SOURCE MATERIAL:
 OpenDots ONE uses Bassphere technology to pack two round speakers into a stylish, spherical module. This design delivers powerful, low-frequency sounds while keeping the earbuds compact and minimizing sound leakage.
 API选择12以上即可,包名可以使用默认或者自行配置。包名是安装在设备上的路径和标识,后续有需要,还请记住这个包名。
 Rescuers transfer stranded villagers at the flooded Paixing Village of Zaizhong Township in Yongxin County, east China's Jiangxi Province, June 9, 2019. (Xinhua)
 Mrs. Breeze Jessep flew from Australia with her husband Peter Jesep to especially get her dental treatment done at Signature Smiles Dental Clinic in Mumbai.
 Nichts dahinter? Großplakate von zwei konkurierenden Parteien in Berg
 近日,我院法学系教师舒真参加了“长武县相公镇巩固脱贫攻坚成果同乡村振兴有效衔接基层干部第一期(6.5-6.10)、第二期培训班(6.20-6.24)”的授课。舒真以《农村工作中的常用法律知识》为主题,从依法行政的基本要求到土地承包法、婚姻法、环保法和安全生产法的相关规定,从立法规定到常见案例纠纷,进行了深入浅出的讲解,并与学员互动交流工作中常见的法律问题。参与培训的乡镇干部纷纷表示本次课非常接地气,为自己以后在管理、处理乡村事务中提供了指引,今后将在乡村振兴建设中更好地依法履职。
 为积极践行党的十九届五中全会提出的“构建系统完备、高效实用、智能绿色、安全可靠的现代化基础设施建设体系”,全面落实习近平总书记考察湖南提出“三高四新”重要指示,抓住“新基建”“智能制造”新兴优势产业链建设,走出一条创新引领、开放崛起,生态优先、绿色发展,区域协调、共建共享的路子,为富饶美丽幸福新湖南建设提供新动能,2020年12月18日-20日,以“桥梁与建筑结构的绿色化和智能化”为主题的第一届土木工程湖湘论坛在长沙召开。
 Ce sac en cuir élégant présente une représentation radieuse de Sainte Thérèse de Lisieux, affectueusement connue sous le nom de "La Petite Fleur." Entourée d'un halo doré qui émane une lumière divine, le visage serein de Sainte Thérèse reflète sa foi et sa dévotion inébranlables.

GOAL OF THE EXERCISE:
Could you repeat exactly the lines above from the line with "Mrs. Breeze Jessep" up to and including the line with "近日,我院法学系教师舒真参加", and only those?

EXERCISE RESULT:
 Mrs. Breeze Jessep flew from Australia with her husband Peter Jesep to especially get her dental treatment done at Signature Smiles Dental Clinic in Mumbai.
 Nichts dahinter? Großplakate von zwei konkurierenden Parteien in Berg
 近日,我院法学系教师舒真参加了“长武县相公镇巩固脱贫攻坚成果同乡村振兴有效衔接基层干部第一期(6.5-6.10)、第二期培训班(6.20-6.24)”的授课。舒真以《农村工作中的常用法律知识》为主题,从依法行政的基本要求到土地承包法、婚姻法、环保法和安全生产法的相关规定,从立法规定到常见案例纠纷,进行了深入浅出的讲解,并与学员互动交流工作中常见的法律问题。参与培训的乡镇干部纷纷表示本次课非常接地气,为自己以后在管理、处理乡村事务中提供了指引,今后将在乡村振兴建设中更好地依法履职。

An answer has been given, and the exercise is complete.